I have an OpEd in the Globe and Mail (Canada’s primary national newspaper), published on December 4, 2023. [link here, paywalled]
I summarize the Ontario Liberal leadership race, discuss the third-place party’s challenges in rebuilding (after governing from 2013-2018), and characterize the three primary leadership candidates’ strategic pros and cons.
An excerpt:
Of course, restoration doesn’t incite the same zeal as revolution. But choosing Ms. Crombie was a move down the most strategic path, even if it was the path of least resistance.
The Ontario Liberals are not rebuilding from zero: In their most recent 2022 defeat, they still won 24 per cent of the popular vote. In a provincially representative poll I ran a week before the results were announced, the Crombie-led Ontario Liberals were in a statistical tie (22 per cent) with the PCs (24 per cent) and the NDP (21 per cent), as well as with undecided voters (24 per cent). No other potential candidates came close to that result.
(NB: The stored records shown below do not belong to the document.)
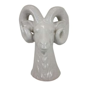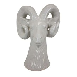 Decoração de mesa Benjara Accent, design forte de cabeça de carneiro, cerâmica branca de 14 polegadas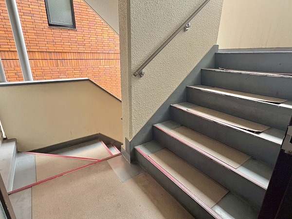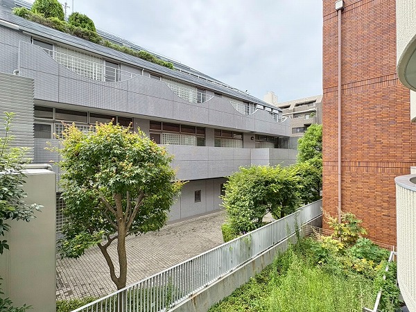 エントランスへ続くアプローチは、美しいタイル貼り。道路からエントランスまでの距離がしっかり取られており、奥まった造りがプライバシーを守ってくれます。外の喧騒を忘れ、落ち着いて建物へと入っていける心地よいアプローチでした。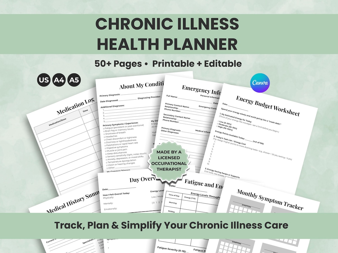 Chronic Illness Planner, Health Tracker, Editable Template (digital ...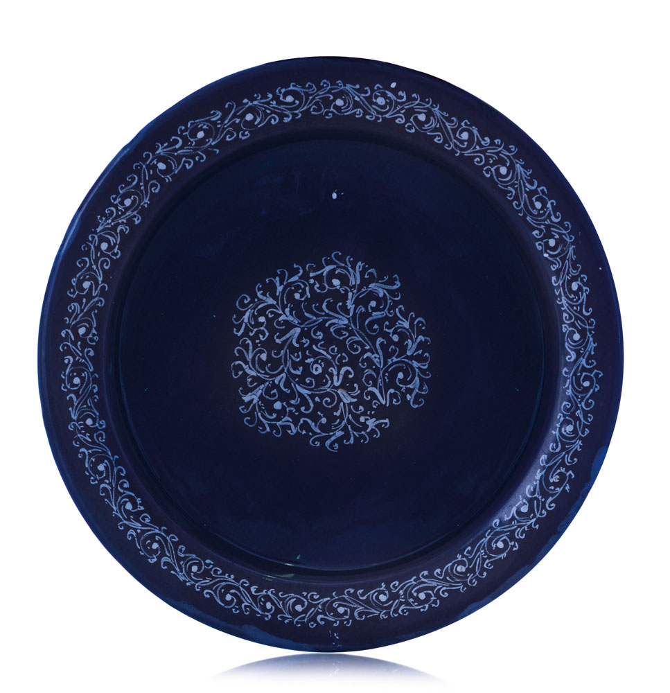 GRANDE PIATTO IN MAIOLICA, CASTELLI, FINE XVI SECOLO, PROBABILMENTE BOTTEGA DEI POMPEI, decoro fitomorfo azzurro su fondo blu cobalto.

So if you see the task of rebuilding the Ontario Liberal Party as winning over, say, an additional 13 to 15 per cent of the electorate, to get back into majority government territory – which, to be clear, is a very grounded view of a political party’s fundamental mission – Ms. Crombie’s victory provides much to celebrate, and gives Premier Doug Ford much to fear. But if you were looking to the Ontario Liberals’ rebuilding process to help redefine the purpose of a centrist party for a new generation of voters, that will have to wait for another time – or, potentially, another rout.